Ironic, then, Lorimer thought. Profoundly.
He stared at her and she looked him back squarely in the eye. It was absurd, he thought, swiftly analysing his feelings, it was almost embarrassing, but true none the less: he could happily have sat there for hours simply staring at her face. He felt light, also, a thing of no substance, as if he were made of styrofoam or balsa wood, something she could cuff aside with the most casual of backhanders, toss him out of the Cafe Greco with the flick of a wrist.

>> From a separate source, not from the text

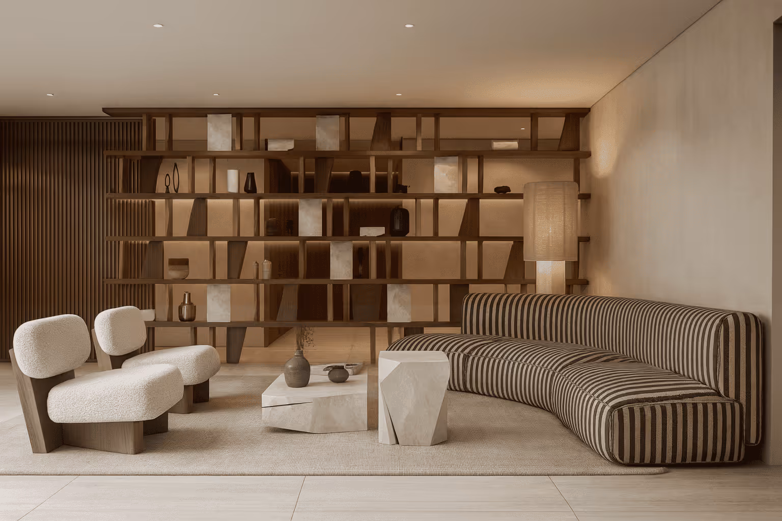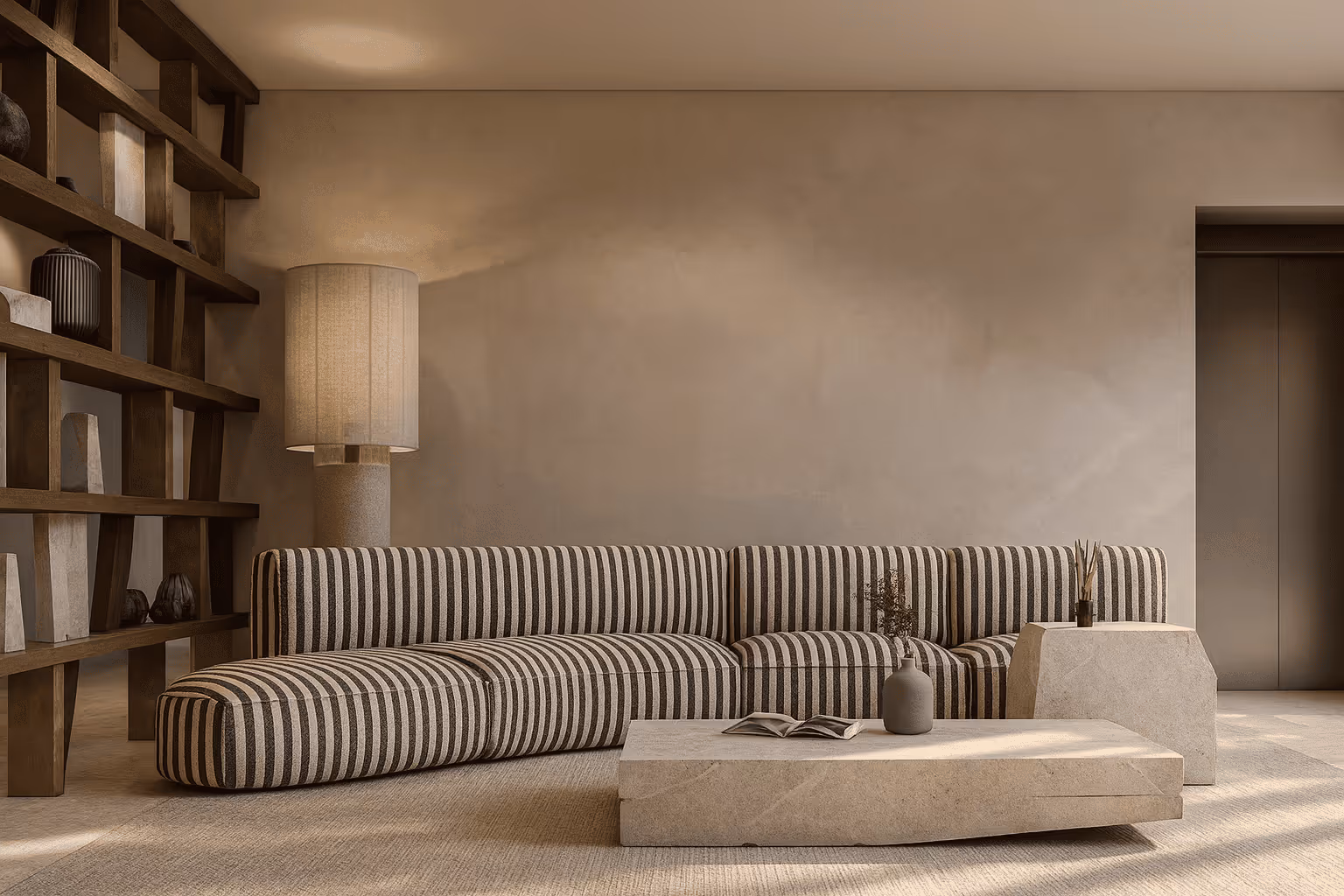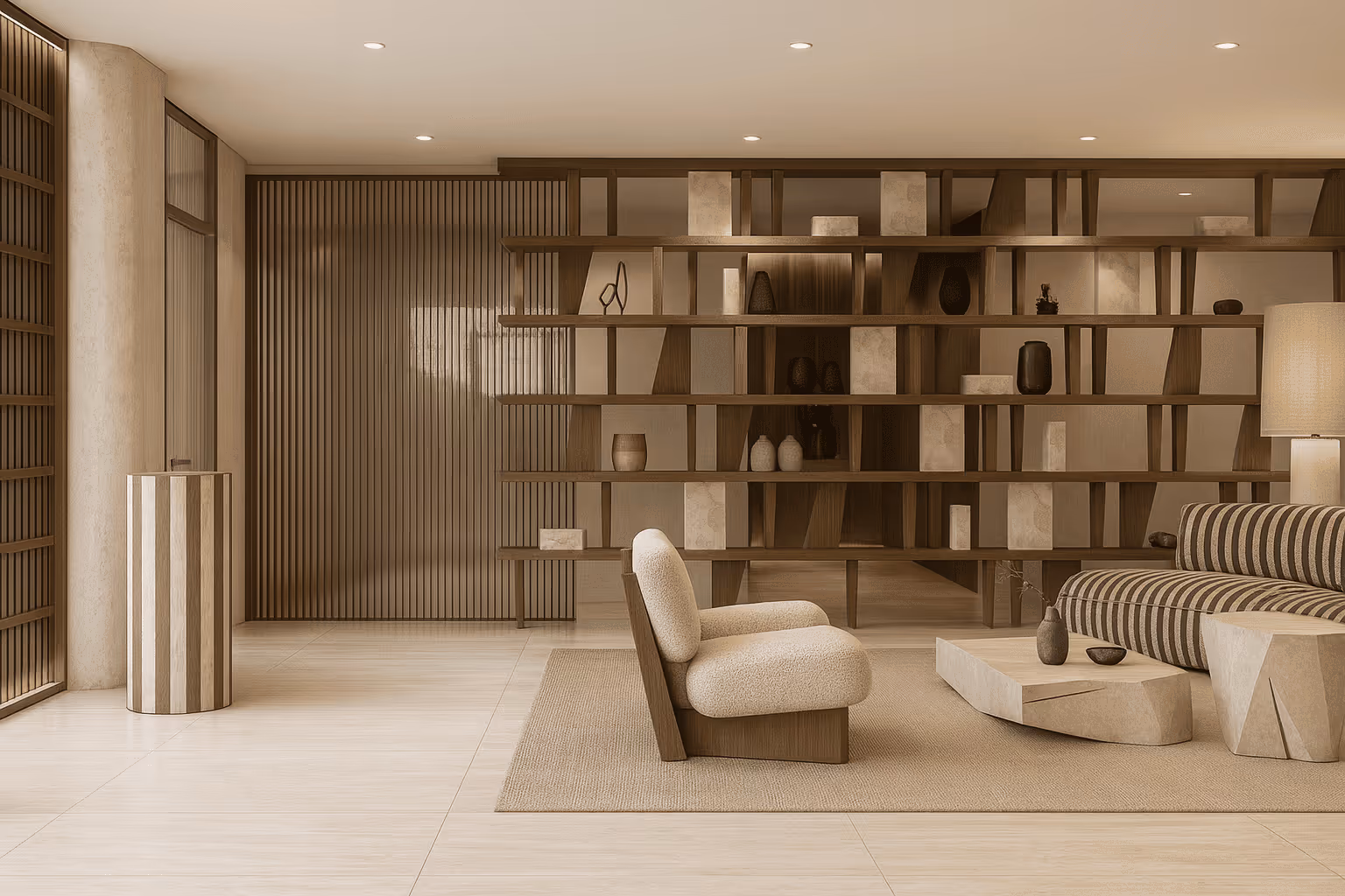 The lobby design reflects the entire concept of the building — refined simplicity with a coastal vibe. The focal point is an architectural composition of natural wood with travertine inlays, serving as both a partition and a shelving unit. In the waiting area, a stylish sofa with a textile stripe subtly recalls a maritime motif. The atmosphere is warm and welcoming, filled with natural textures, soft light, and a sense of ease.

“Mmmm,” she said, reflectively. “I suppose you’d like to kiss me.”
“Yes. More than anything.”
“You’ve got nice lips,” she said, “and nice, tired eyes.”
He wondered if he dared lean forward and press his lips to hers.
“And I might have allowed you to kiss me,” she said, “if you’d taken the trouble to shave before coming out to meet me.”
“Sorry.” A useless word, he thought, for the awful regret he felt.
“Do you ever tell lies, Lorimer Black?”
“Yes. Do you?”
“Have you ever told me lies ? In our short acquaintance ?”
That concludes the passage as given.